Años atrás una biblioteca popular de la provincia de Buenos Aires, en Argentina, nos contrato a
varios titiriteros para festejar el Día del Niño en los rincones más humildes del pueblo. Muchas
funciones fueron delante del altar de pequeñas parroquias, con Cristo detrás de los retablos.
Eran los únicos lugares libres del empecinado barro que las recientes inundaciones habían
dejado en estos pueblos de campo. ¿Títeres en las iglesias? No es tan raro. “Más contento que
un titiritero en Pascuas”, reza un viejo refrán español que alude a la bonanza laboral en la
Cuaresma del Siglo de Oro, cuando eran prohibidas las representaciones de compañías de
actores. Además era más económico contratar un solo titiritero con sus muñecos para edificar
fieles con pasajes bíblicos y vidas de santos. Pero pronto las furiosas peleas de los santos con
el diablo y los ruidosos pasos de la farsa no le parecieron a la curia adecuados con el
recogimiento de la fecha. Los títeres fueron expulsados de los templos y volvieron al mercado
popular.

Una de las tantas teorías afirma que su cuna fue la India. De allí los títeres pasaron a Persia,
luego a Arabia y de allí los gitanos y titiriteros ambulantes los llevaron por toda Europa. En la
India eran dioses y semidioses que participaban con escenas sagradas del Mahabarata y el
Ramayana -aún hoy los titiriteros en Indonesia convocan a los espíritus para encarnarse en sus
sombras-. Pero habría sido un personaje subalterno, Vidushaka, enano pelado con joroba y
rostro deforme, el prolífico abuelo de tantos insolentes como él: Karagoz, Polichinela,
Kaspareck, Guignol, Punch, Petrouchka. Estos personajes, groseros en el tablado popular y
activos participantes de no pocas revueltas sociales, llegaron también al teatro de telones
dorados, con finas representaciones operísticas para la nobleza y la alta burguesía, como
prueban antiguos grabados del siglo XVIII.
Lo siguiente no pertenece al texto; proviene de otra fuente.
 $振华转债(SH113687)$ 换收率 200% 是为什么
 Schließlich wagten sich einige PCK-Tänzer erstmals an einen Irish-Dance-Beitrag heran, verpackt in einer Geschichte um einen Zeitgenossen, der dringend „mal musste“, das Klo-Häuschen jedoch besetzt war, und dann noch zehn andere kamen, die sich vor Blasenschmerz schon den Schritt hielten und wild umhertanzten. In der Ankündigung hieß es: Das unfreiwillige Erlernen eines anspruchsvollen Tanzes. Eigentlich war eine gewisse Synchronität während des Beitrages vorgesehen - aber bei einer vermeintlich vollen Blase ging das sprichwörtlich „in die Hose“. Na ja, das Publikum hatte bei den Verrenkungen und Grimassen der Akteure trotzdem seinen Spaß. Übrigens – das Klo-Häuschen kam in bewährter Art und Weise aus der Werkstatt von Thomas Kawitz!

Raul González Tuñón (1905-1974), poeta y viajero incansable, muy amigo de los títeres,
describe su mundo en “Marionnettes”, que comienza así:

Conozco más de un barracón


de titiriteros, inmundo.
Oí muchas veces la canción
de la alcantarilla del mundo.
Conozco burgueses tranquilos
que va a hacer la digestión
mirando los dorados hilos
que maneja el operador.
Más prefiero la soledad
por la que libres, los fantoches
van discurriendo por las noches
bajo lunas de corta edad.

El poema es extenso y recorre los títeres populares que conociera por las calles de Europa en
un viaje mítico en la década del 20. Inspirado sobre una canción francesa para niños, Tuñón
logra una gran metáfora de la existencia, donde los muñecos parecen ser eternos. Concluye
así:

Y todo es eso, mi querida.


Pasar, la única función,
función de muerte, función de vida,
pobre aserrín el corazón,
pobre máscara desteñida
Nuestra ilusión.
Los que ayer estaban no están
-cuántos rostros se han esfumado-.
Sobre la lona del tinglado
las marionnettes dan, dan
tres vueltas y luego se van.
Tal vez este movimiento dialéctico o pendular, del templo al mercado, de la taberna al jardín de
infantes, del teatro popular al experimental, una constante en este género, es el que le otorga
tanta riqueza y versatilidad, tantos matices diferentes y contradictorios.